The Conversation(s)

Recently, I read an interesting article in an online newspaper called the Conversation. Incidentally, this was the first article I have read in the aforementioned source. First, let me tell you a little about the article and the other good stuff you can find through the same source. Then I want to write a bit more about how I came to learn about one of Australia’s fastest growing alternative newspapers.

According to the Conversation, research suggests that high levels of testosterone are a key factor in the higher incidence of schizophrenia in men rather than women. This is common sense, I guess. However, other research relates higher levels of testosterone to higher cognitive performance within the schizophrenic community. This, to me, poses an interesting question. To what degree should we seek to “cure” something that obviously provides benefits of some sort to the affected individual. This is an interesting philosophical question and one that Kay Redfield Japmison addresses in her memoir, An Unquiet Mind. For those of you who don’t know Jamison is both a leading neoroscience researcher and an individual with Bipolar Disorder. In her memoir, Jamison writes about how painful the decision was to begin taking lithium. (At least that’s part of what I remember from the book).

Fortunately, I think, the Conversation is a great place to stopover and learn more about a number of topics. In my brief virtual holiday, I also learnt a little more about the human genome project, and how scientists have moved closer to using this research to aid individuals affected by conditions of vrious kinds. There is also a large article about human uniqueness that I found interesting reading.

One of the things I enjoyed in my perusal was the section on Endangered Species. If you have an active interest in Australia’s biodiversity, or just like reading about animals, please check in and check out the latest news on our species that have been recently added to our endangered species list. The Conversation provides almost mini-biographies of each species. Incidentally, I am interested in doing something similar as part of my own project One of the reasons I blog is because I want a larger say in “the conversation”, that ongoing and perpetual debate about where we are and where we are going as a species. The Conversation to me represents an attempt to provide affirmative answers to both of those questions.
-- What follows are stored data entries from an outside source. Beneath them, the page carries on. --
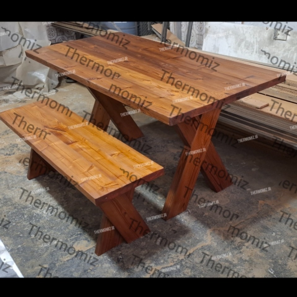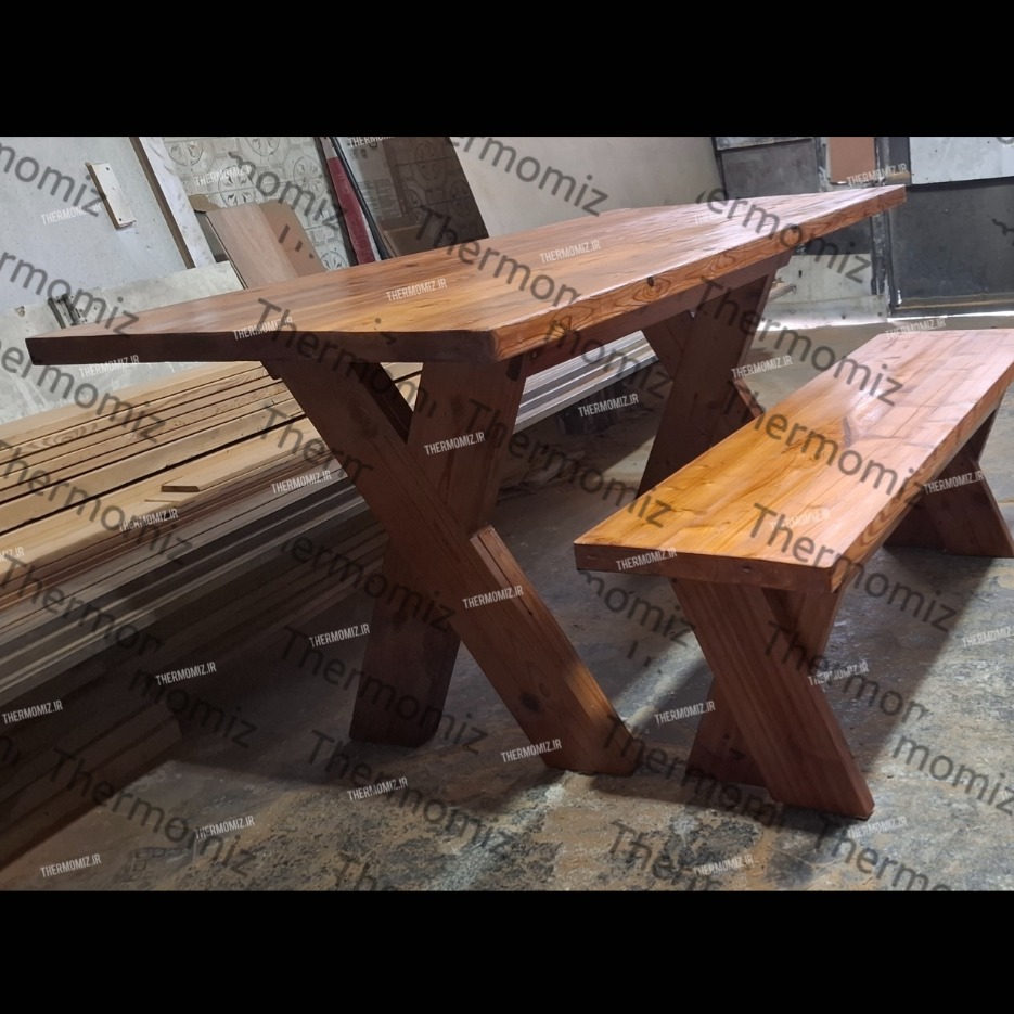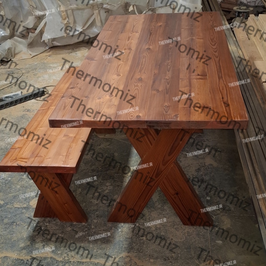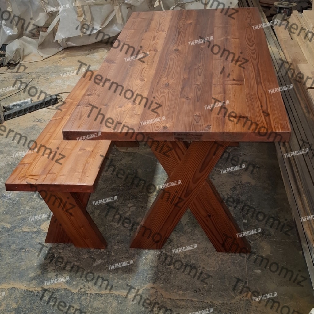 میز و نیمکت ناهارخوری تمام چوب ترمو وود مدل TMD008
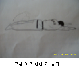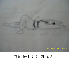 [2]왼쪽 다리를 45도 정도 굽혀 오른쪽방향으로 전신을 밀어 엎드린 자세가 되도록 하여 굽혔던 다리를 곧게 편다음 손끝과 용천으로 기를 끌어 당긴다[30초][그림 9-2]
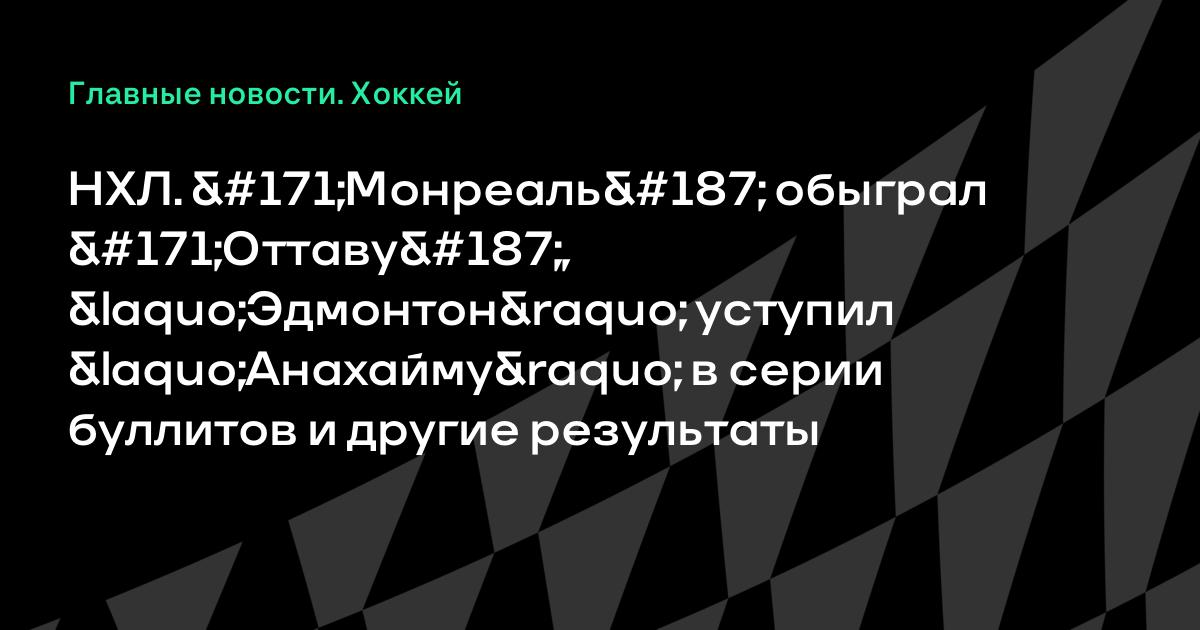 НХЛ. «Монреаль» обыграл «Оттаву», «Эдмонтон» уступил «Анахайму» в серии буллитов и другие результаты
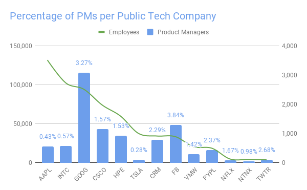 To illustrate, here is a quick analysis based on some publicly-available data from Yahoo! Finance and LinkedIn self-reported job titles. Product manager job titles are only 1.76% of the entire employee population on average. If you’re breaking into product management, you will have to hustle to find an open role and match yourself into it.
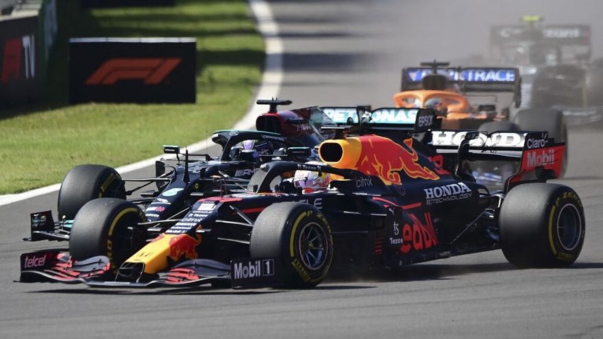 Atacado por el británico por el exterior en la vuelta 48, Verstappen defendió con agresividad y llevó a su adversario -y él mismo- fuera de la pista durante unos instantes.

The human race has come a long way, baby, and I don’t think we are ready to give up our day in the sun just yet.

The Conversation has given me a little bit more of a look at the kind of thing that we should be endeavoring to create in this day and age. Incidentally, it has an excellent section on the upcoming election, which, to be honest, I am not that fussed about, myself. I mean, I am, because I have a very clear stake in its results, as we all do. But, on the other hand, I see the result as something of a foregone conclusion sadly. Why sadly? Because I don’t think either party is yet providing the right kinds of answers to the right kinds of questions. I have my opinions, of course, and will advocate in my own particular way, partly out of respect for people I respect. But I am interested in doing something a little different, bypassing the mainstream political process almost completely to enact change. How would you do that? Simply, by finding a couple of things that almost everyone believes is imperative to the future of our great nation (if it is one). My idea is pretty radical, like, hey, lets at least try and save the Great Barrier Reef and the koalas.

Anyway, diatribe is over, now I want to continue to tell the interested reader (if you are no longer interested, that’s okay- there is more interesting stuff on the Conversation anyway, please check it out) a bit more about what I learnt this morning. There is a really cool medical facts section and I learnt that the funny bone got its name from a really weird poem about a Jack the Ripper like serial killer. The crowd tore into him til his funny bones might break. And this was a pun on the medical name, the humerus. Geddit. Isn’t that funny? At least, I thought it was kind of interesting. Here is that page.

There is a lot to read there. One of the best uses of such media is to promnote it through Facebook, which I will do later today. I believe that Facebook, and other social media provides us with the tools to have our voice heard. And that is its best use. I suggest people should take the time to pick a couple of things they are interested in and also to think about some of the things the people we know might be interested in and keep on sharing that stuff on Facebook. One of the problems with this of course, is that we might be muddying up someone else”s stream. But, heck, man people have been telling me about all sorts of products and things I have no real interest in for years through Commercial/Television. (Good books on advertising are Adland and Buyology)

So now, let me tell you how I heard about this. Through a conversation. With someone in my neighbourhood, an old friend really. Its one of the many conversations I have been having lately with people in the real world. I’m a pretty awkward guy, so the new media suits me in many ways. I tend to overthink my face to face interactions, and worry overly about the kind of impressions people have of me. It’s part of my overactive social exclusion schema. Thanks Tara for the heads up and the great book. I also recently talked to a man on the plane about all of my stuff. He was from Taiwan, and used to live in Brisbane. Thanks for the chat, mate, I looked for you on Facebook, too, sorry about the soup. I also ran into a lady who used to sell me Christian books, so check them out too. Especially if you”re Catholic and live in the Ipswich area. They might not have what you are looking for but put in a request and I’m sure their helpful staff will do what they can. And some people at the hospice bookstore. So I”m enjoying being back in town.